4)設立執行委員(Founding Executive Board)

ガザ執行委員会メンバーに加えて、ウィトコフ米特使、クシュナー米大統領補佐官、ルビオ米国務長官、世界銀行総裁バンガ氏、トランプ大統領の元国家安全保守副顧問ガブリエル氏など。
ガザでの政治組織立ち上げの際のアドバイザー的な存在か、監督はするが決定には関わらないとされている。
5)国際安定化部隊(ISF)
ISFは、ガザの治安維持を図り、人道・復興支援物資の安全な搬入を守る。ハマスを含め包括的なガザの非武装化を進めて、まだガザの53%の地域に駐留しているイスラエル軍を順次撤退させ、役割の交代を目指す。
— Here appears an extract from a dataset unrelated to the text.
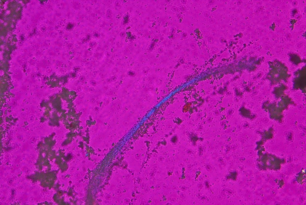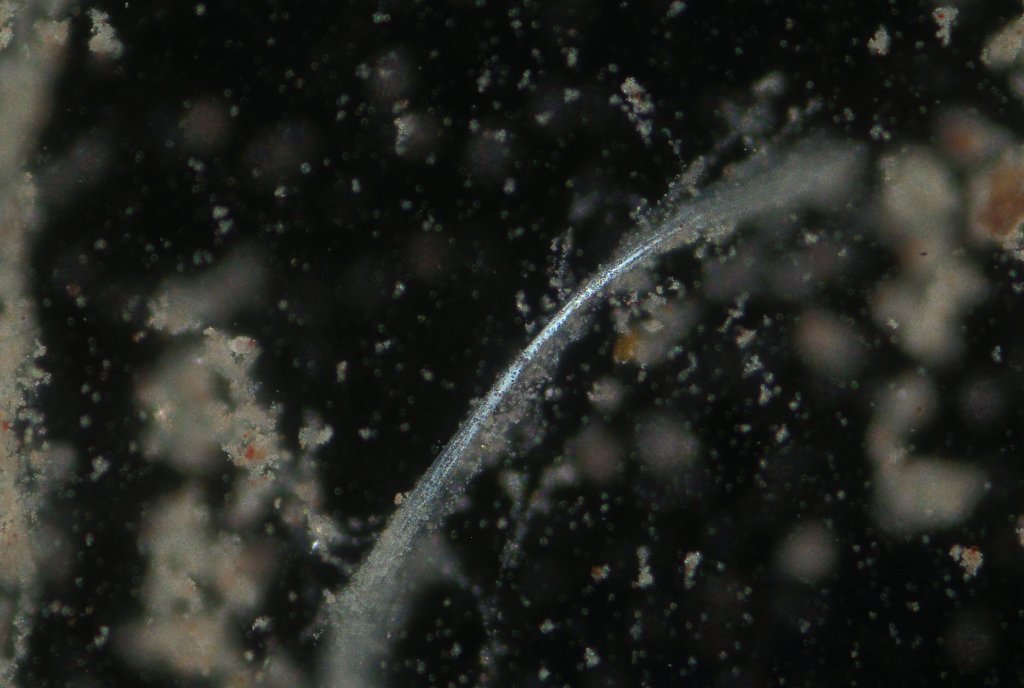 推定含有率は『0.1~5%』です。石膏ボードに含有している際、石膏本体ではなく紙にクリソタイルが含有していることもあるので気をつけて分析しています。クリソタイルは顕微鏡でみると綺麗な繊維状をしているので防湿性を上げる為に使用されたものと考えられます。ベスターでは上記の通り、試料の表面観察や層別分析に加えてフィルター上の残渣の分析も2人以上で行っています。是非ご利用ください!

ISFの総司令官は、レバノンでの停戦監視を指揮した経験もあるアメリカの中央司令部特殊作戦司令官のジャスパー・ジェファーズ少将が任命されている。
しかし、ISFに参加する国はまだ定まっていない。
www.ynetnews.com/article/s1wjwwkswe
6)CMCC(民軍調整センター)

CMCCは、昨年10月にガザで停戦となった際に、アメリカ主導で、ガザでの停戦を監視する国際組織として立ち上げられた組織。拠点はイスラエルのキリアット・ガットにある。
参加国は、アメリカを中心に、イスラエル、アラブ諸国(エジプト、UAE、ヨルダン)、日本、オーストラリア、ヨーロッパ諸国の20カ国。
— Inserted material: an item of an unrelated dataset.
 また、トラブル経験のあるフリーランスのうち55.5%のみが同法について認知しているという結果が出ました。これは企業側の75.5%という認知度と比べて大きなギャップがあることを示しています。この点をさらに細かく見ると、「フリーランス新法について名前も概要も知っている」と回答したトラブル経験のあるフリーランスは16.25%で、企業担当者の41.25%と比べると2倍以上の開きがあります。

停戦以降、ガザ内部での停戦の監視や、国際社会からの物資の搬入などの管理を担っている。
www.jpost.com/israel-news/defense-news/article-883734
日本からもCMCCに人員1人が派遣される予定で、先週、茂木外相がCMCCを訪問していた。
様々な分析:アメリカの植民化との批判も
様々な委員会の中で創設委員会があるが、メンバーの7人がアメリカ人である。そのため、体よく植民地化しているのではとの声もある。しかし、この仕組みがうまくいくかどうかはまだまだ疑問の方が大きいだろう。
イスラエルはハマスの完全な武装解除を求めているが、それはどこまで実現できるか明らかでない。イスラエル軍とハマスの衝突は今も続いている。
ガザのがれきは6000万トンもあり、その中には遺体もまだまだ残されている。困難は想像を絶する。資金は誰が出すのか。人間が作り上げたこの大混乱。もはや人間にはどうしようもできない様相である。
またこうしている間も、ガザにいる200万人の市民たちは、雨と寒さと物価高と食糧難と伝染病とに見舞われている。主のあわれみを祈るしかない。